The story of the Cambodian great ibis, that is what she told us. Also together at that time was Lu Zhi, who was also engaged in biodiversity conservation, and she protected snow leopards in Qinghai. The three of us, the women, exchanged enthusiastically around biodiversity conservation. Because, in addition to the profession, we all have a love of wildlife.

The great ibis, Cambodia's national bird, looks much more majestic than its smaller, dumpster-rummeling relatives. The ibises are about 1 meter tall, weigh more than 4 kg, and their feathers and partially exposed skin are brown. Its natural habitat is swamps, wide rivers and seasonal flooding meadows in northern Cambodia, but also in small quantities in southern Laos and Vietnam. This bird is the most endangered and evolutionaryly specific species in the world. The population is estimated to be 100 heads or less! Classified as critically endangered on the IUCN Red List, hunting, harassment and deforestation in lowlands are at risk of extinction and are part of the United Nations List of Endangered Wildlife.

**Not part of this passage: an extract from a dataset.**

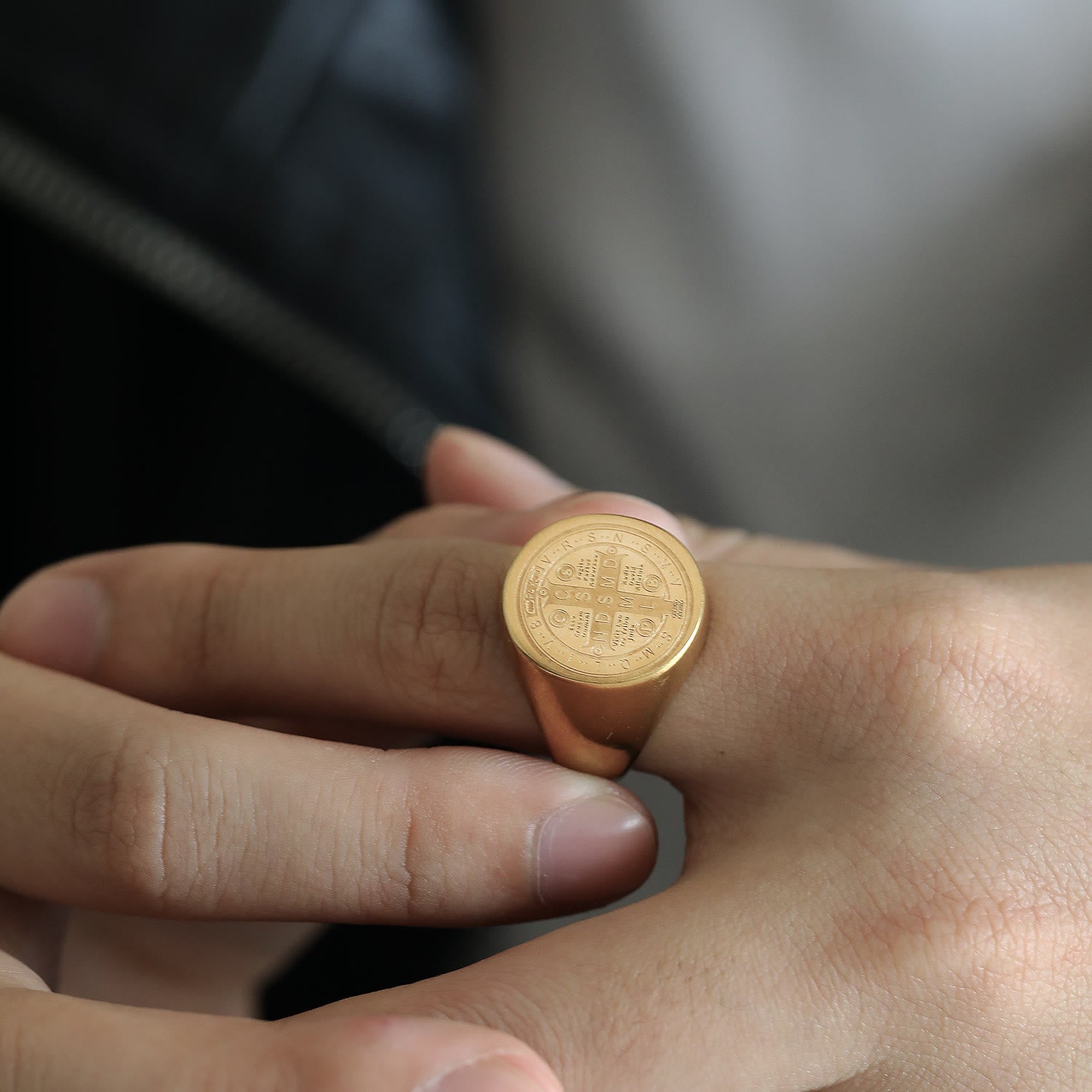 Porta la tua fede con te ogni giorno con questo anello dal design elaborato, con audaci incisioni di San Benedetto ed eleganti motivi a volute. Combinando perfettamente stile e devozione, questo anello è più di un semplice accessorio: è una dichiarazione delle tue convinzioni.
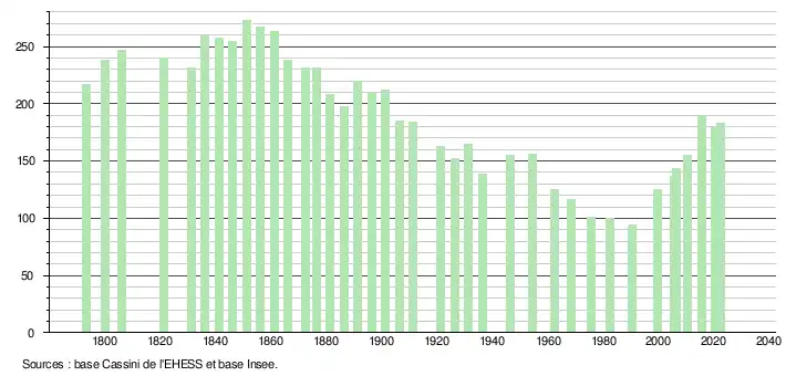 L'évolution du nombre d'habitants est connue à travers les recensements de la population effectués dans la commune depuis 1793. Pour les communes de moins de 10 000 habitants, une enquête de recensement portant sur toute la population est réalisée tous les cinq ans, les populations de référence des années intermédiaires étant quant à elles estimées par interpolation ou extrapolation[21]. Pour la commune, le premier recensement exhaustif entrant dans le cadre du nouveau dispositif a été réalisé en 2005[22].

Looking at the picture of the big ibis on display by Misty, I was attracted by the momentum of this domineering big bird, it seemed to know its own status, with its head held high, it was not an ordinary bird, it was the world's scarcest critically endangered bird, there were less than a hundred, so the global biodiversity organizations and bird lovers were doing their best to provide it with protection, including Misty. Because of its rarity and the world's attention to it, it became the national bird of Cambodia. Many overseas tourists travel to Cambodia for it, which is a project unique to Cambodian ecotourism.

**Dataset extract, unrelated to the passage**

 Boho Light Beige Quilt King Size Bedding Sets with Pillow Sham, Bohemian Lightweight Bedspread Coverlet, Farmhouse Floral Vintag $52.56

Due to ongoing deforestation, human disturbances, and hunting, the population of the Great Ibis is still decreasing, and if not strictly protected, it will soon become extinct. On 21 March 2005, the Royal Decree on the Designation of Flora and Fauna as National Symbols of the Kingdom of Cambodia nominated the Great Ibis as the national bird of Cambodia.

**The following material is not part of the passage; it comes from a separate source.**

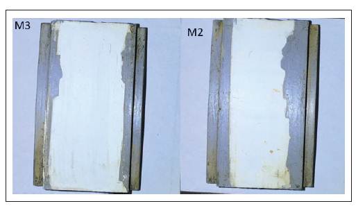 En la figura 4 se muestran imágenes, tomadas en condiciones controladas de iluminación, de las probetas pintadas con las pinturas M2 y M3, en las cuales se pudo observar la falla mencionada.
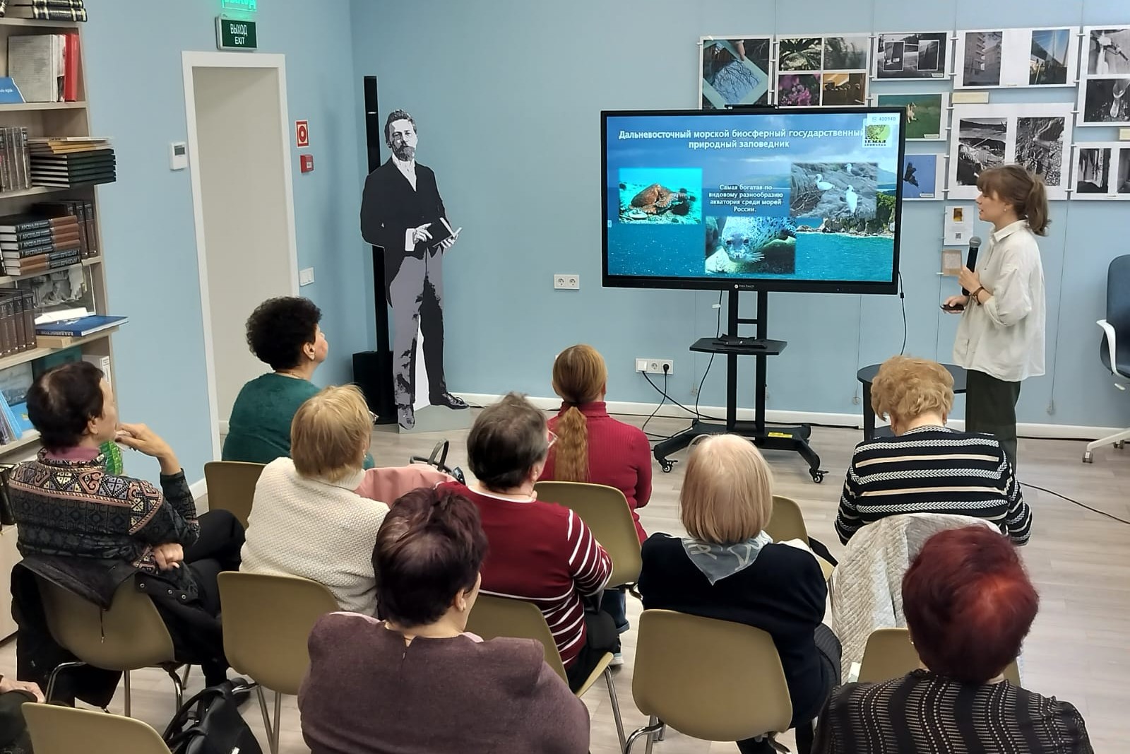 В Центральной библиотеке им. А. Чехова, модернизированной в рамках национального проекта «Культура», 5 июня прошла встреча читателей библиотеки с ведущим специалистом национального парка «Земля леопарда» Анастасией Шиман. Заповедные уроки «Земля леопарда» проводит регулярно в рамках работы по экологическому просвещению населения, и в библиотеке представители национального парка уже неоднократно встречались с читателями, юными и взрослыми.

The great ibises live mainly in the northern plains of Cambodia and are often active alone or in pairs or in small groups, rarely in groups with other birds. Forage in swamps, wide rivers and open lowland forests. Swamps, forests, and silt fields on both sides of rivers are its main feeding grounds. It is active in foraging during the day and perched on tall trees at night. Due to the massive deforestation and drastic reduction of swampy rivers, the habitat of the great ibises is seriously threatened. Especially with the development of industrialized large-scale agriculture, rubber, cassava, pulp and teak plantations have recently become the biggest threat to the giant ibis. The massive expansion of agricultural land, as well as increased hunting pressures and disturbances in feeding sites, are causing the great ibises to lose their breeding habitat. The ibises like to nest on tall, straight trees, but such tree species are also suitable for shaping the timber of house buildings. The large number of such trees will lead to a decrease in the number of nesting trees of the great ibis, affecting its reproduction. In particular, cutting down a large ibis nest tree during the nesting season increases reproductive failure. The massive felling of tall trees has led to a lack of suitable nesting trees for the great ibises being forced to nest in sub-optimal trees. In Siam, many large diplodocus trees have been selectively cut down, and in 2013 a large ibis nest was observed on the small branches of a small tree. After a strong storm, nests and broken bird eggs were found under trees.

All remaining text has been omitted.